# Portland to Santa Cruz and back!



## macks (Jul 27, 2008)

Portland to Santa Cruz and back

We started out hitching from Salem to Portland after a night of unsuccessful waiting for the P&W train to Beaverton from Salem. Around 4:00 pm we got a ride to Aurora (20mi S of Portland). Found a little jungle with a few old dudes in it by the onramp in Aurora when I went to go take a leak. They were nice, asked if we had a sign and told me I could take a leak practically in their camp, but I took a few steps away out of courtesy. A trucker ex-marine who was actually a pretty nice guy picked us up and took us to the Rose Quarter. That was actually my first ride with a trucker.
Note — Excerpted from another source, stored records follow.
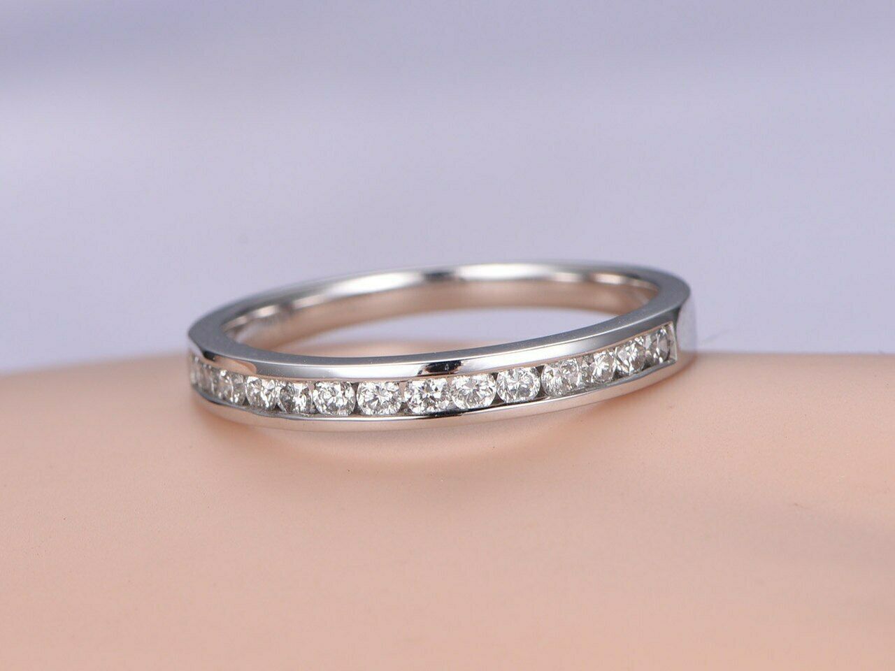 1.5ct Round Diamond Channel Set Half Eternity Wedding Band 14k White Gold Finish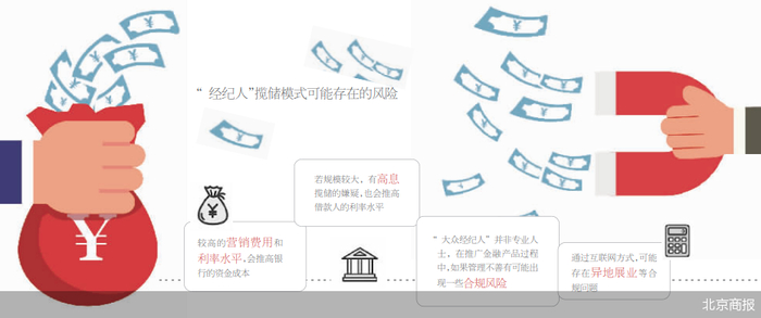 “经纪人”模式是“金融创新”还是打“擦边球”?零壹研究院院长于百程在接受北京商报记者采访时表示,“老带新”“全民经纪人”等营销展业方式,在互联网领域并不少见。不过银行开展此类营销要特别注意其中的风险。首先是较高的营销费用和利率水平会推高银行的资金成本,如果规模较大,有高息揽储的嫌疑,也会推高借款人的利率水平,与监管方倡导的减费让利服务实体经济方向不符;其次,“大众经纪人”并非专业人士,在推广金融产品过程中,如果管理不善有可能出现一些合规风险,通过互联网方式,可能存在异地展业等合规问题。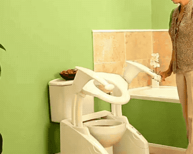馬桶坐墊則緩緩升起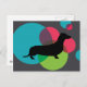 Black dachshund with bright dot pattern postcard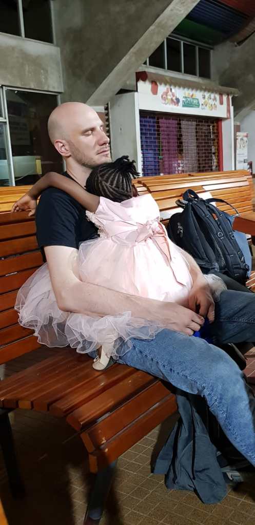 Bevor ich dann endlich die Augen schließen konnte hatte ich noch eine Aufgabe: Es war das Kind des Bräutigams aus erster Ehe, welches er uns für die Rückreise anvertraut hatte. Solch ein Vertrauen in uns für die Aufgabe die kleine Maus mit nach Yaoundé zu nehmen war bemerkenswert. Da ihre jungen Beinchen nicht mehr ganz wollten, kümmerte ich mich darum, dass die Kleine unbeschwert ankommt.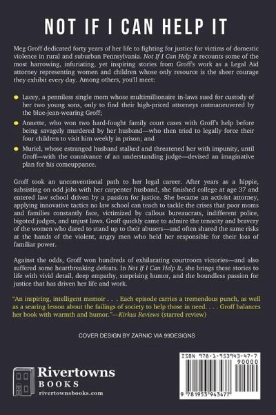 Meg Groff dedicated forty years of her life to fighting for justice for victims of domestic violence in rural and suburban Pennsylvania. Not If I Can Help It recounts some of the most harrowing, infuriating, yet inspiring stories from Groff's work as a Legal Aid attorney representing women and children whose only resource is the sheer courage they exhibit every day. Among others, you'll meet: Lacey, a penniless single mom whose multimillionaire in-laws sued for custody of her two young sons, only to find their high-priced attorneys outmaneuvered by the blue-jean-wearing Groff; Annette, who won two hard-fought family court cases with Groff's help before being savagely murdered by her husband-who then tried to legally force their four children to visit him weekly in prison; and Muriel, whose estranged husband stalked and threatened her with impunity, until Groff-with the connivance of an understanding judge-devised an imaginative plan for his comeuppance. Groff took an unconventional path to her legal career. After years as a hippie, subsisting on odd jobs with her carpenter husband, she finished college at age 37 and entered law school driven by a passion for justice. She became an activist attorney, applying innovative tactics no law school can teach to tackle the crises that poor moms and families constantly face, victimized by callous bureaucrats, indifferent police, bigoted judges, and unjust laws. Groff quickly came to admire the tenacity and bravery of the women who dared to stand up to their abusers-and often shared the same risks at the hands of the violent, angry men who held her responsible for their loss of familiar power. Against the odds, Groff won hundreds of exhilarating courtroom victories-and also suffered some heartbreaking defeats. In Not If I Can Help It, she brings these stories to life with vivid detail, deep empathy, surprising humor, and the boundless passion for justice that has driven her life and work. Readers who care about law, human rights, and the struggles of ordinary people will be captivated and inspired by this powerful book and the sobering insights it offers about the American way of justice.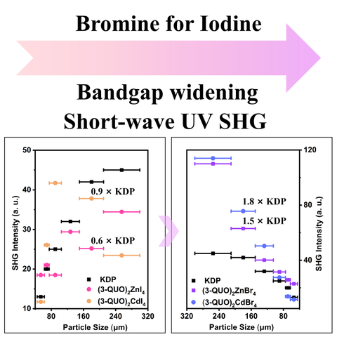 本研究中,初期合成的碘化物 (3-QUO)2ZnI4 和 (3-QUO)2CdI4 虽具有中等倍频响应(0.6/0.9×KDP)和较宽带隙(3.75/3.94 eV),但无法实现相位匹配。鉴于此,该团队提出卤素取代策略,利用溴原子取代重原子碘,不仅显著拓宽材料带隙——(3-QUO)2ZnBr4带隙达5.10 eV(截止边220 nm),(3-QUO)2CdBr4为4.55 eV(245 nm)。更关键的是,溴化物成功实现了相位匹配,其SHG强度分别达基准材料KDP的1.5倍和1.8倍。同时,实验测得二者双折射分别为0.05/0.06@546 nm,完美平衡了高效频率转换与低光学损耗的需求。此外,两类溴化物在蓝光激发下均发射黄白色荧光,展现出非线性光学-荧光双功能集成特性,为开发单组分蓝光激发白光材料提供新思路。该工作通过卤素取代策略在有机-金属卤化物中同步优化带隙、二次谐波响应与相位匹配能力,为设计高性能紫外NLO-荧光双功能晶体提供了新范式。所开发的材料在激光变频、紫外探测及固态照明领域具有重要应用价值。相关成果以Bromine for Iodine: Unlocking Short-Wavelength UV Phase Matching in Nonlinear Optical Metal Halides为题发表在《Chinese Chemical Letters》。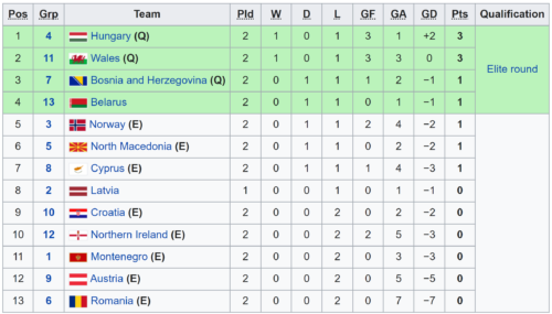 UEFA przy wyłanianiu najlepszych drużyn z trzecich miejsc postanowiła aby faktycznie były to zespoły najlepsze, w efekcie w zestawieniu wliczane są jedynie punkty zdobyte przeciwko zespołom z miejsc 1. i 2. w danej grupie, natomiast rezultaty uzyskane z najsłabszym, czwartym zespołem nie są brane pod uwagę. W efekcie tego po meczu Łotwy ze Szwecją tabelka zespołów z trzecich miejsc prezentuje się następująco:
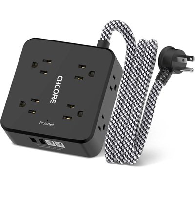 This 12-in-1 surge protector power strip features a space-saving 3-side design with 8 AC outlets and 4 USB ports (including 2 USB-C), allowing up to 12 devices to charge at once. The 5-ft braided extension cord with a flat, right-angle plug offers flexible placement and easy wall mounting, making it ideal for home, office, and dorm rooms.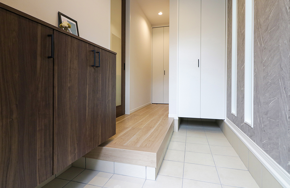 玄関には下駄箱の他に土間収納を設けました。土間収納にはベビーカーもそのまま片づけてしまえます。公園グッズなどの外遊び道具、カギや帽子などの外出時に必要なものを揃えておけば、お出かけもスムーズになります。靴以外の収納も充実していて、家の顔としての玄関がすっきりとおしゃれに保てますね。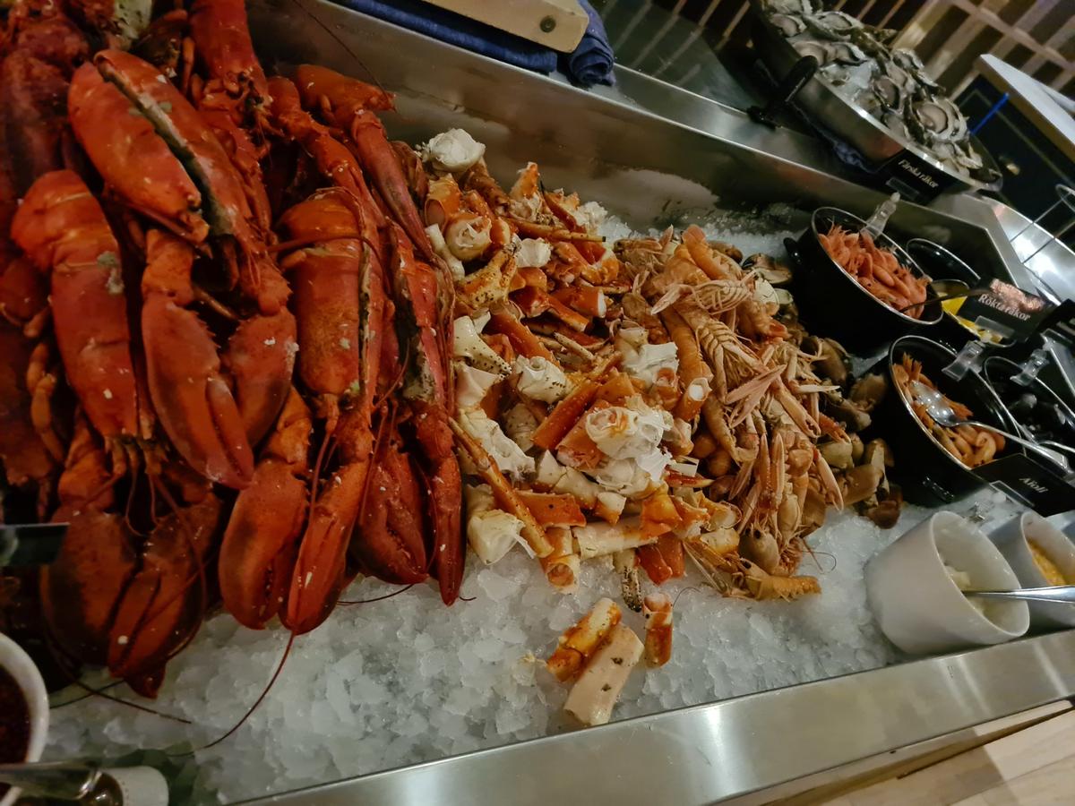 Skaldjuren läggs upp på stora fat av kockarna bakom disken. Man får inte peta på maten själv. Covid, covid, covid, som Trump brukar säga. Men man kan alltså backa obegränsat antal gånger.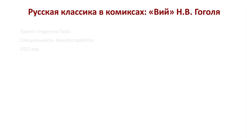 Русская классика в комиксах: «Вий» Н.В. ГоголяПроект студентки Пейл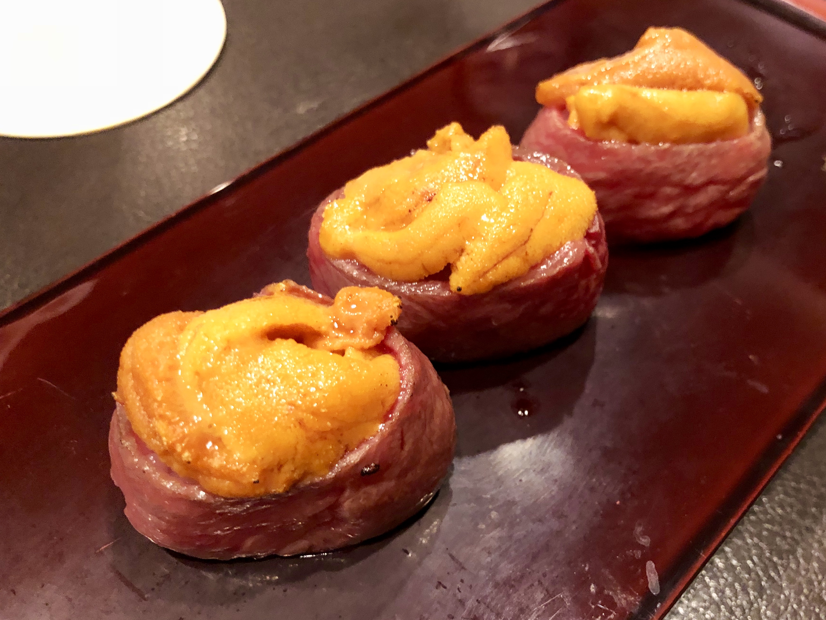 원조는 2010년 긴자 스시집 사이쇼(さいしょ)와 드라이에이징 야키니쿠집 카쿠노신(格之進) 콜라보입니다.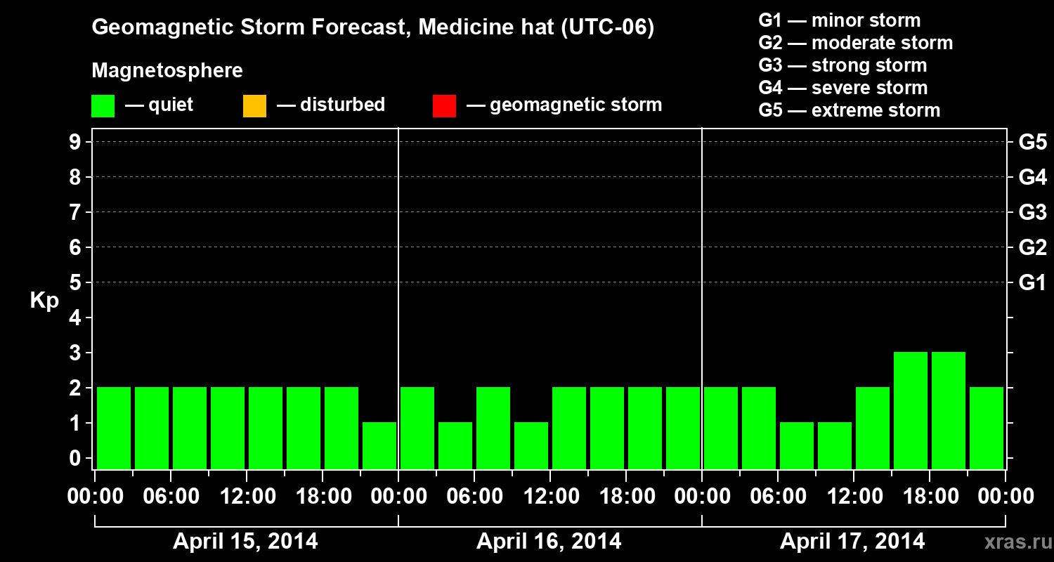 Geomagnetic storm forecast in Medicine hat for Apr 15, 2014
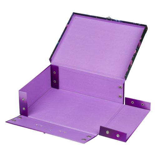 • Skladací kufrík z pevného laminovaného papiera s okovanými rohmi.

So we hung out in Portland for a few days and met up with friends. We took a free trip to OMSI with a bunch of dirty kids which was pretty funny. When our friend j-spot got into town we got some food and things together and headed down to the catch out spot. The cops did a sweep for people sleeping under the bridge but somehow didn’t see us or didn’t care. We missed a few trains that night then headed to a different spot across town to wait in some cover. Nothing good came through so we got some more food then headed back to the other spot. Around 2am a 4 unit train came around the bend, no DPUs as we’d hoped to see but whatever, it’d been 2 days and Eugene would be at least a different spot to wait in. 

All 3 of us and the dog got into a Canadian grainer and stopped outside of Albany somewhere for a bit. While there we switched the stuff around and I moved into my own grainer 1 car down to have some more room. In the process of moving shit around j-spot’s camelback cap came off and soaked one of the cubbies, which I mopped up with my flannel. Man, that flannel was dirty as hell when I put it back on the next day. 

We ended up rolling through Eugene in the AM hours, the sides of the grainer already heating up despite it being the morning. Once out of Eugene I hung out on the porch since not a lot is around on HWY 58. We had a great ride from there, stopped at what I think was Cascade Summit for a while sided for NBDs to pass. There we switched over to an open boxcar that got added somewhere that we stopped, and we now had DPUs. Spiked the doors and we were set to go. 

The ride was so fucking gorgeous. Next stop was somewhere N of K-Falls where we got a new crew. We were getting a little low on water so I got sent to get some water out of the DPUs. It was a good 40 cars back and with lumber on the last 10. I didn’t want to get stuck on the DPU going into K-falls. About 20 cars back I ran back to the boxcar because I thought I heard a train coming. Turns out it was just the DPU engine idling (turns off and on every now and then) and I spooked myself. So we went back and the water wasn’t in a case so we took off our shirts to carry it. About 10 minutes after we got back in the boxcar the train aired up and we were rolling again.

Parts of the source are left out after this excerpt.